Nella sede della Direzione Pianificazione Territoriale della Regione Veneto, firmati due importanti accordi volti a semplificare i procedimenti per il rilascio delle autorizzazioni paesaggistiche in aree soggette a vincolo
Il primo accordo è stato stipulato tra la Soprintendenza Archeologica, Belle Arti e Paesaggio (Sabap) per l’area metropolitana di Venezia e le province di Belluno, Padova e Treviso, rappresentata dal soprintendente Vincenzo Tinè, e il Comune di Cortina d’Ampezzo, con il sindaco Gianluca Lorenzi. Il secondo coinvolge la stessa Soprintendenza e il Parco Colli Euganei, rappresentato dal presidente Alessandro Frizzarin.
Questi accordi si inseriscono nel quadro normativo delineato dalla legge 241/1990 e dal D.lgs. 42/2004, con l’obiettivo di velocizzare il rilascio delle autorizzazioni paesaggistiche necessarie ai progetti edilizi nelle aree vincolate. Grazie a procedure sincronizzate e coordinate, sarà possibile unire efficienza amministrativa e tutela del patrimonio paesaggistico regionale. Gli enti competenti, tra cui i Comuni e il Parco Colli Euganei, potranno acquisire il parere obbligatorio della Soprintendenza attraverso la Conferenza di servizi unificata, eliminando l’attesa del parere differito previsto entro 60 giorni dalla normativa.
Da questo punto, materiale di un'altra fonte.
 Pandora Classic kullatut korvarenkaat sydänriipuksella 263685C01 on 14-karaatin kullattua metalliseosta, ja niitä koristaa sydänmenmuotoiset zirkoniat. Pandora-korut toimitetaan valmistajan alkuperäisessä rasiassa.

Questa innovazione rappresenta un cambio di paradigma nel contesto normativo regionale, consentendo l’applicazione della modalità semplificata a tutte le tipologie di autorizzazioni paesaggistiche, comprese quelle ordinarie. Finora, solo per le procedure di autorizzazione semplificata alcuni Comuni, come Verona e quelli del litorale veneziano, avevano già stipulato accordi con la Soprintendenza.
La firma degli accordi si inserisce nel lavoro del Comitato Tecnico Paritetico di Lavoro per il Piano Paesaggistico Regionale, istituito con l’intesa di novembre 2022 tra il Ministro della Cultura e il Presidente della Regione Veneto, Luca Zaia. Il Comitato mira a integrare le competenze delle Soprintendenze, degli uffici regionali e degli enti locali, garantendo un approccio coordinato per la tutela e valorizzazione del paesaggio veneto.
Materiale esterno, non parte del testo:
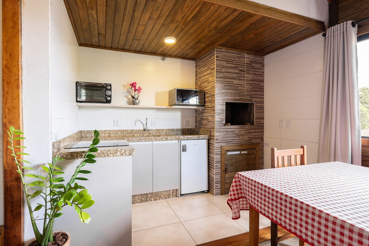 El área exterior cuenta con un amplio estacionamiento, quiosco con parrilla, terraza, ducha y un hermoso césped. En el interior, cinco dormitorios, todos con ventiladores de techo, tres baños con duchas, un lavabo y un lavadero. La cocina cuenta con microondas, horno eléctrico, estufa, nevera, cervecero profesional, parrilla interior, además de horno de leña para pizzas y chimenea, siendo una gran opción incluso para los días más fríos. ¡Lee la descripción del espacio para obtener más información sobre la casa!

Gli accordi segnano l’inizio di una collaborazione strutturata che assicura una riduzione dei tempi e una maggiore efficienza nelle procedure amministrative. Questo approccio permetterà agli enti delegati di operare con maggiore rapidità ed efficacia, promuovendo una gestione uniforme della tutela del territorio e preservando i valori storici, culturali, naturalistici e paesaggistici.
La Regione Veneto, insieme al Ministero della Cultura e alle Soprintendenze, conferma così la volontà di semplificare l’accesso ai beni paesaggistici attraverso strumenti amministrativi moderni e condivisi, in linea con gli obiettivi del Piano Paesaggistico Regionale. L’intento è incentivare processi uniformi e rapidi, garantendo al contempo una gestione oculata del patrimonio paesaggistico regionale.